Quick fixes: - Swap out flagged links for clean ones (especially if using link shorteners) - Remove spammy language in subject lines (but keep it natural—no need to sound like a robot) - Make sure your HTML is clean and not full of ancient code
Step 7: Test With Real Seed Lists (If You’re Paranoid)
Litmus spam testing is good, but nothing beats sending a test to real inboxes. Create a “seed list” of test accounts at the major providers your clients use (Gmail, Outlook, Yahoo, corporate domains if you can). Send your campaign to these accounts and see where it lands.
Pro tip: Sometimes a message passes all the Litmus tests but still gets clipped, flagged, or lands in “Other” tabs. A seed list lets you see the real-world outcome.
Step 8: Keep an Eye on Deliverability Over Time
Spam testing is not a “set it and forget it” thing. Filters change, your reputation shifts, and what passes today might fail next month. Keep an eye on:
- Open rates (a sudden drop can mean deliverability issues)

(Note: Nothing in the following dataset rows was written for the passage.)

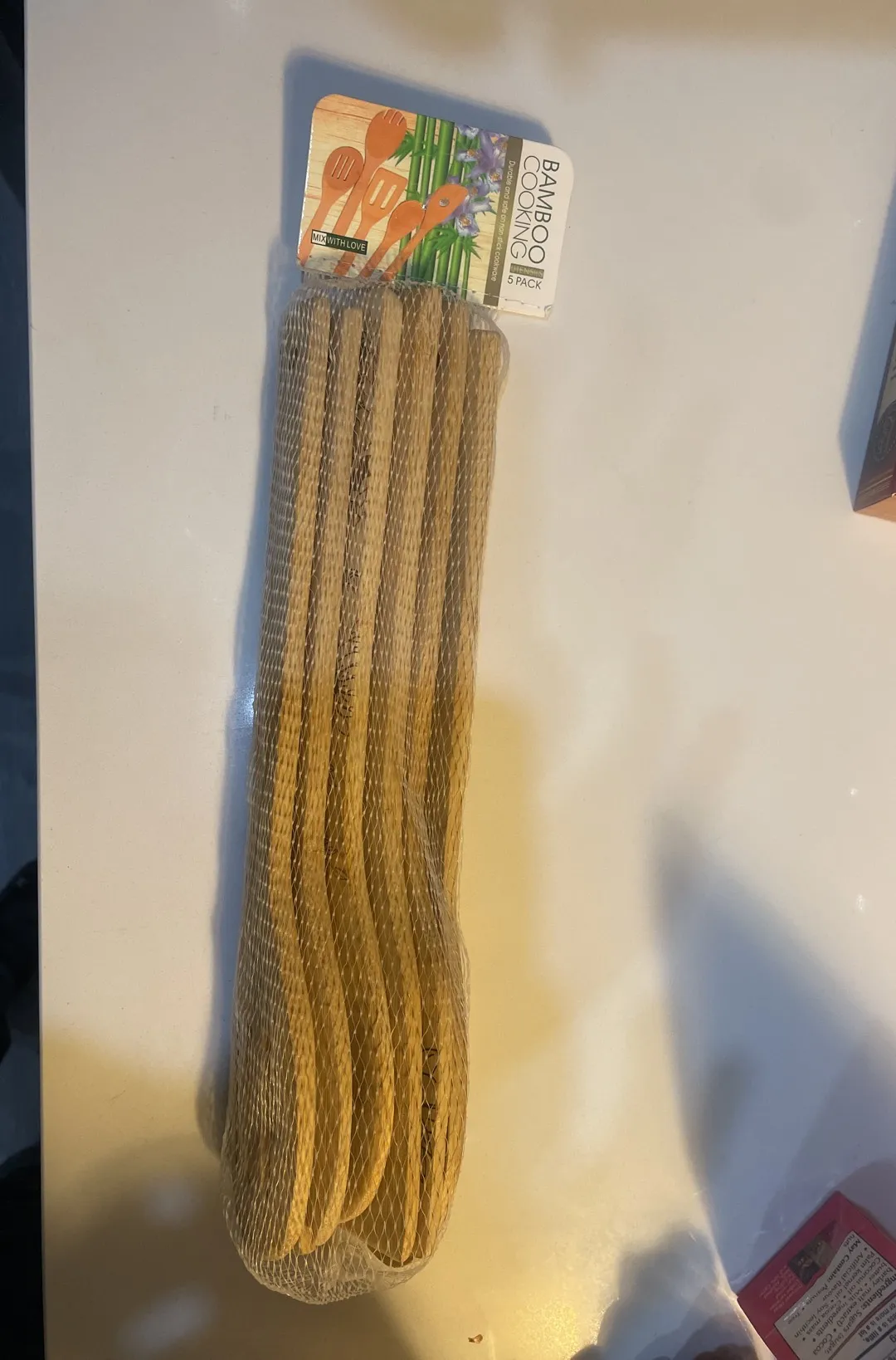 Set of 6 bamboo cooking utensils Engraved with flowers and cute messages Unopened package 3 spatulas (2 slotted) 2 spoons (1 slotted) 1 pronged utensil 🍴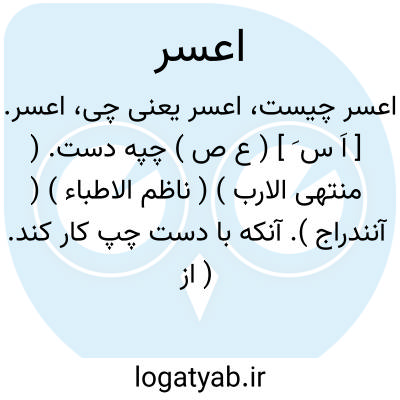 اعسر. [ اَ س َ ] ( ع ص ) چپه دست. ( منتهی الارب ) ( ناظم الاطباء ) ( آنندراج ). آنکه با دست چپ کار کند. ( از متن اللغة ). کسی که با دست چپ کار کند. مؤنث: عَسْرا. ج، عُسر، عُسران. ( از اقرب الموارد ). چپ، ( المصادر زوزنی ) ( مهذب الاسماء نسخه خطی ). چپ مقابل یسر. ( یادداشت بخط مؤلف ). || حمام اعسر؛ کبوتر که در بال چپ آن سپیدی باشد. ( منتهی الارب ) ( از متن اللغة )( ناظم الاطباء ). || یوم اعسر؛ روز سخت یا روز بد. ( منتهی الارب ) ( ناظم الاطباء ). روز شوم. ( از متن اللغة ). روز سخت یا روز شوم. ( از اقرب الموارد ).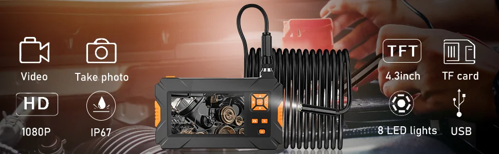 The best product you are looking for is "Dual Lens Endoscope 1080P HD Video Borescope 8mm Industrial Handheld Inspection Flexible Snake Camera with 4.3 Inch LCD Screen". This product is available and ready to be purchased. Get attractive discounts every time you shop in our store (aliexpress.com). Aliexpress also provides a coupon of $ 3 for the first buyer to shop there. don't forget to bookmark our store page so you can go shopping again anytime..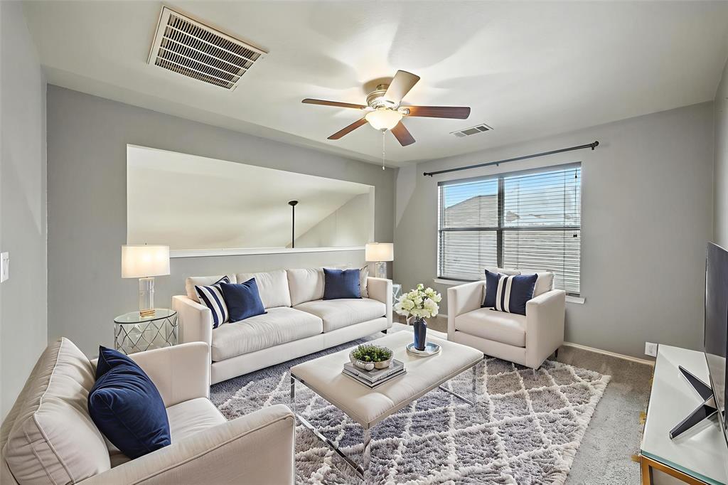 Upstairs, the freshly installed carpet in July 2025 adds softness and style to the additional living spaces. Three well-sized bedrooms share a full bathroom, offering comfort and privacy for family or guests. A versatile flex area upstairs provides room for a playroom, media space, home office, or whatever suits your lifestyle best.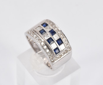 check pattern, the central panel set with six blue sapphire of square cut and six diamonds of square cut, surrounded by 30 round cut diamonds. Approx. weight of diamonds is 1ct. All set in 18ct white gold. Size O. Weight 9.7g. Signed by Ricco Ricco, and presented in a Ricco Ricco box. -

- Bounces and spam complaints
- Feedback from sales or clients (“Hey, your email went to my junk folder”)
Make spam testing a regular part of your process, not a one-off fix.
What to Ignore (and What Not to Buy)
Some marketers get caught up in “deliverability hacks” or buy into every new tool that promises perfect inboxing. Here’s what to skip:
- “Guaranteed inbox placement” services: No one can guarantee this, not even Litmus.
- Overly complex deliverability tools: If you’re already using Litmus and your ESP’s built-in tools, you’re covered for 95% of cases.
- Obsessing over minor warnings: Focus on the big stuff that actually impacts B2B delivery.
Save your money and energy for things that actually move the needle.
Summary: Keep It Simple and Iterate
Don’t overthink it. Use Litmus to catch the obvious issues, double-check with real inboxes when it matters, and focus on sending emails people actually want. Make small tweaks, watch your results, and remember—no tool will fix a bad list or boring content.
Spam testing with Litmus isn’t glamorous, but it beats guessing. Keep your process lean, fix what matters, and hit send with confidence.